18.650 Fundamentals of Statistics

Linear regression from Y = X \beta + \eps, with \eps ~ N(0, \sigma^2), produces a least squares parameter estimate \hat{\beta} ~ N(\beta, \sigma^2 (X^T X)^{-1}). The variances allows us to test whether a coefficient for a feature is far enough from zero to say that the feature matters in the prediction.
The delta method lets us find the variance of continuous functions of sample means. If \sqrt(n)(\overline{X_n} - \mu) \to N(0, \sigma^2), and if g : \R \to \R is continuous with g'(\mu) \neq 0, then \sqrt(n)(g(\overline{X_n}) - g(\mu)) \to N(0, \sigma^2 g'(\mu)^2). For random vectors, the form is N(0, \nabla g(\mu)^T \Sigma \nabla g(\mu)) for X_n with variance \Sigma.
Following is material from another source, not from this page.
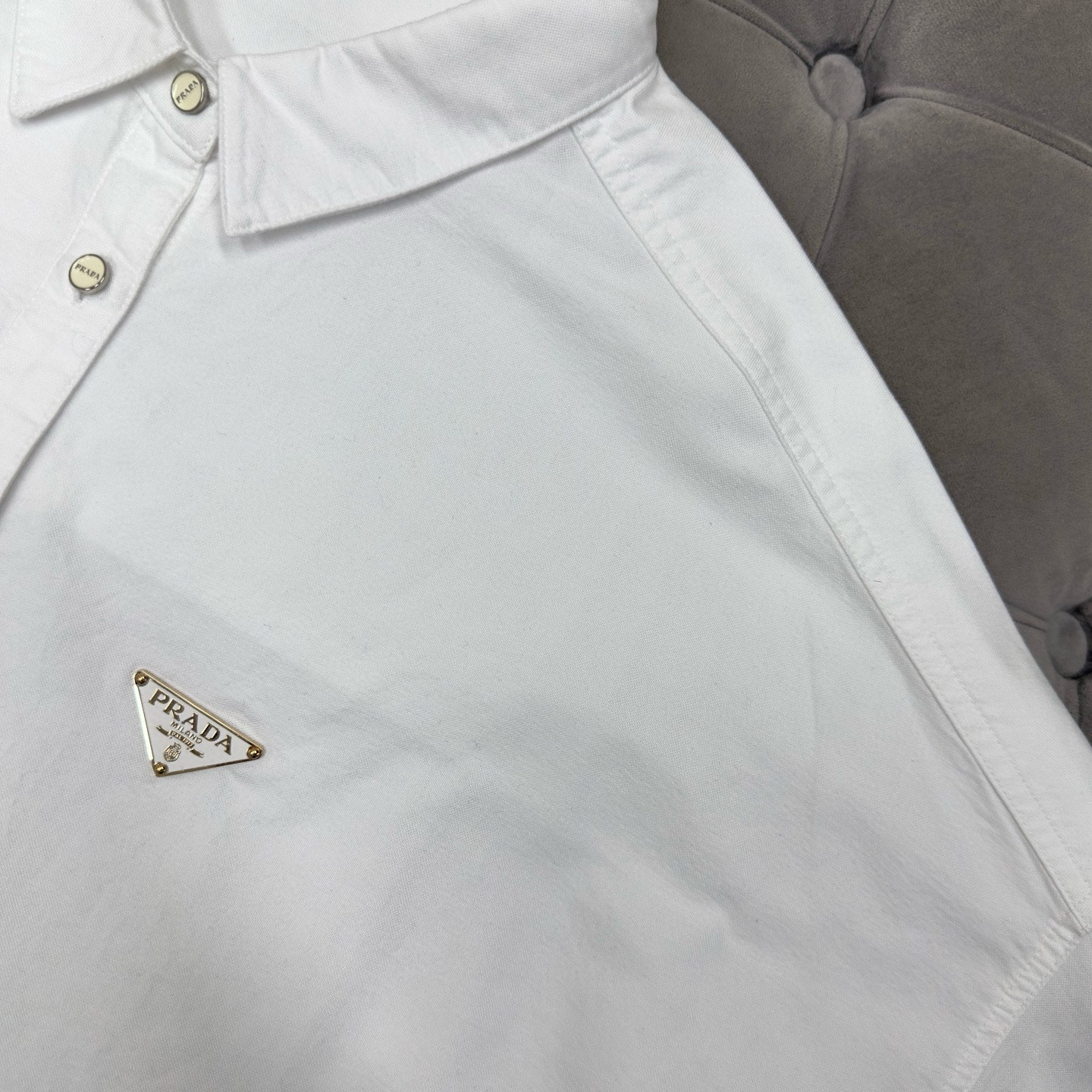 Prada letters white shirt, shirt is almost all year round will use the single product, simple and good wear can not be wrong. Classic but not out of date, the oil like versatile single product, walk in the forefront of fashion senior commuter shirts, with fall and winter all kinds of blazers, the collar exposed outside, fried chicken fashion.

The permutation test lets us distinguish control from experimental directly. We gather N samples from each, then list them all up together. We compute the difference in the sample means of each half. Then, about 1000 times, we permute the 2N data points and again compute the difference in the sample means of each half. By the end, we have a distribution of differences of sample means of the two halves. The last step is to look where the original difference of sample means lies in the distribution. The percentile is the p-value. If the original splitting of the data is such an extreme variety out of the permutations, it is strong evidence that the control and experiment were different. If the original splitting of the data is typical of the permutations, then we conclude the experiment had little effect. The permutation test was used to detect the Higgs boson!
Usually, you put all the data into creating a sample mean and have no data left to ask about the variance of that estimator. Bootstrapping lets us find the variance. If we have N data points, we sample 1000 bootstrap sample means by picking N data points from our pool uniformly at random with replacement. Variance of the bootstrap equals variance of the random variable. For nuance, after we get the bootstrap samples from data, then the variance downgrades to sample variance of the data. But before we even gather data, the expected variance of the bootstrap is correct.
Chi-squared goodness of fit test lets us determine whether our data was drawn from a certain categorical distribution. By comparing p_xy with p_x p_y, chi-squared can also test for independence over finite alphabets. The Kolmogorov-Smirnov test can distinguish whether samples originated from a certain continuous CDF. The Kolmogorov-Lilliefors test can distinguish whether samples originated from a Gaussian with the sample mean and sample variance observed.